---------- Record set
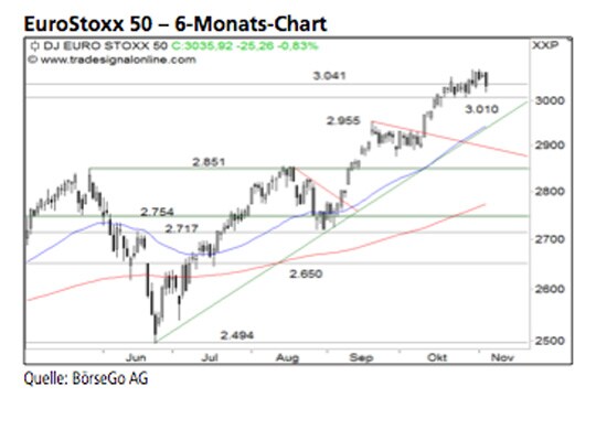 Rückblick: Seit Juni steigt der EuroStoxx 50 Index, lediglich durch zwei kurzzeitige Korrekturphasen unterbrochen, in einer steilen Aufwärtsbewegung in Richtung der 3.100 Punkte-Marke an.
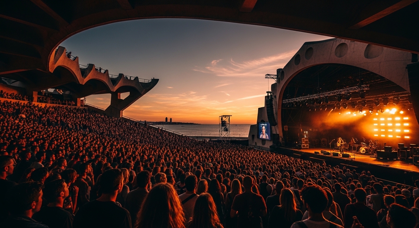 Parc del Fòrum расположен в северо-восточной части Барселоны, на побережье. До площадки удобно добираться по метро L4 до станции Maresme | Fòrum или трамваем T4. Это открытое пространство с видом на море, где одновременно работают несколько сцен. Планируйте время на перемещение между сценами и учитывайте, что вечером очереди на вход могут занимать 20–30 минут.
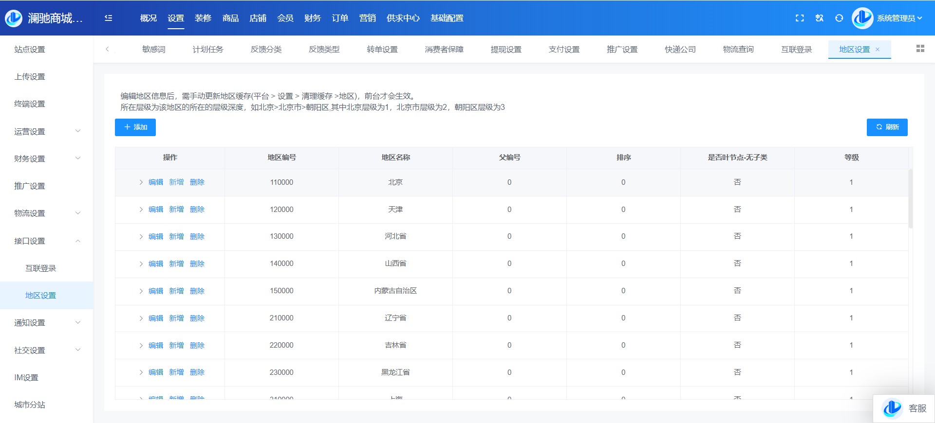 目录 搜索 展开 系统角色说明一、平台管理后台概况设置站点设置上传设置终端设置运营设置运营设置启动页搜索设置积分设置敏感词计划任务反馈分类反馈类型转单设置消费者保障服务财务设置提现设置支付渠道推广设置物流设置快递公司物流查询接口设置互联登录地区设置通知设置消息设置邮件设置短信设置APP推送社交设置IM设置直播设置城市分站微信设置微信设置回复设置菜单设置模板消息SEO设置装修PC装修首页装修页面导航分类导航手机装修首页装修首页导航商品商品管理分类管理品牌管理类型管理规格管理店铺店铺管理供应商管理店铺等级店铺分类入驻协议店铺评价会员会员管理积分管理会员等级注册协议表单数据升级日志用户渠道渠道数据财务会员资金线下支付收款确认订单明细提现管理充值卡管理交易流水-收支明细定额充值提现银行卡订单商品订单退款退货订单评价-店铺评价管理营销活动中心资讯中心分销中心社交种草App发布用户反馈首页弹窗供求中心采购大厅供应大厅基础设置系统用户角色管理安全设置操作日志二、商家管理后台首页订单商品营销资金报表店铺基础售后批发市场三、门店管理后台四、会员(买家)中心PC端个人中心移动端个人中心五、商户入驻流程商城前期准备资料域名备案指南支付宝收款账户开通及配置微信⽀付配置 暂无相关搜索结果! 阅读次数:26 本文档使用 MinDoc 发布 地区设置 地区设置地址库是系统内置好作者:admin 创建时间:2024-08-20 13:05最后编辑:admin 更新时间:2025-12-10 15:34
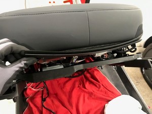 NoteInsert the rear of the seat cushion to seat bottom frame and then lower the rest on the seat cushion to the seat bottom frame, Ensure wiring harness are routed through the back of seat frame
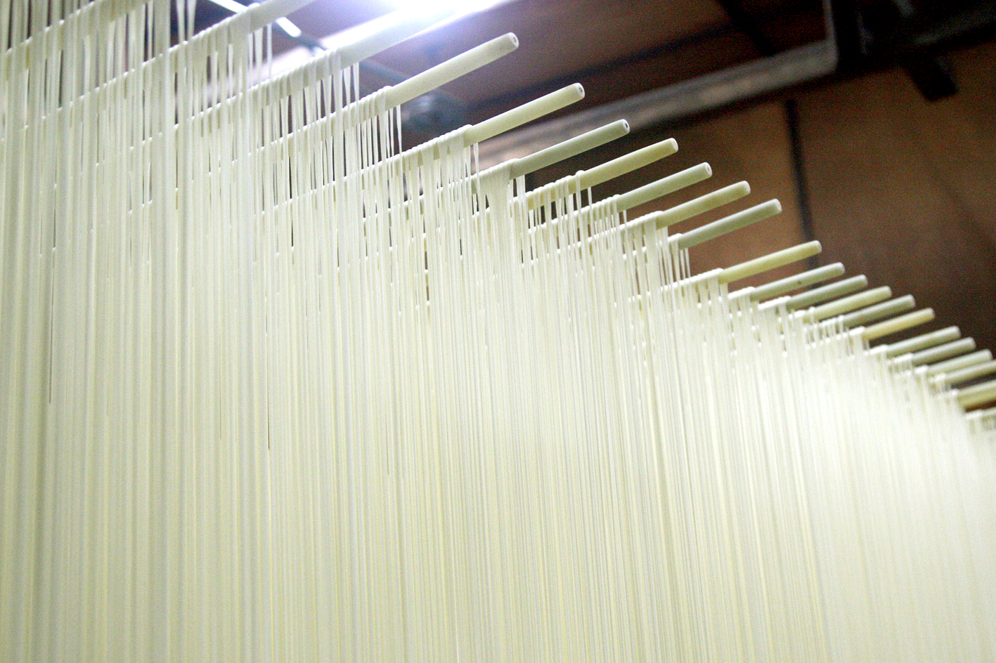 手延べ素麺の製麺所の多くは、さすがに上記の写真のような姿になると、ほとんどの作業ができなくなってしまいますね。。。
--------------------
→ Assignment
Nothing but the lines from the first line of the records above to the line with "Parc del Fòrum", inclusive, should be transcribed exactly, and the pictures must be left out.

→ Answer space
 Rückblick: Seit Juni steigt der EuroStoxx 50 Index, lediglich durch zwei kurzzeitige Korrekturphasen unterbrochen, in einer steilen Aufwärtsbewegung in Richtung der 3.100 Punkte-Marke an.
 Parc del Fòrum расположен в северо-восточной части Барселоны, на побережье. До площадки удобно добираться по метро L4 до станции Maresme | Fòrum или трамваем T4. Это открытое пространство с видом на море, где одновременно работают несколько сцен. Планируйте время на перемещение между сценами и учитывайте, что вечером очереди на вход могут занимать 20–30 минут.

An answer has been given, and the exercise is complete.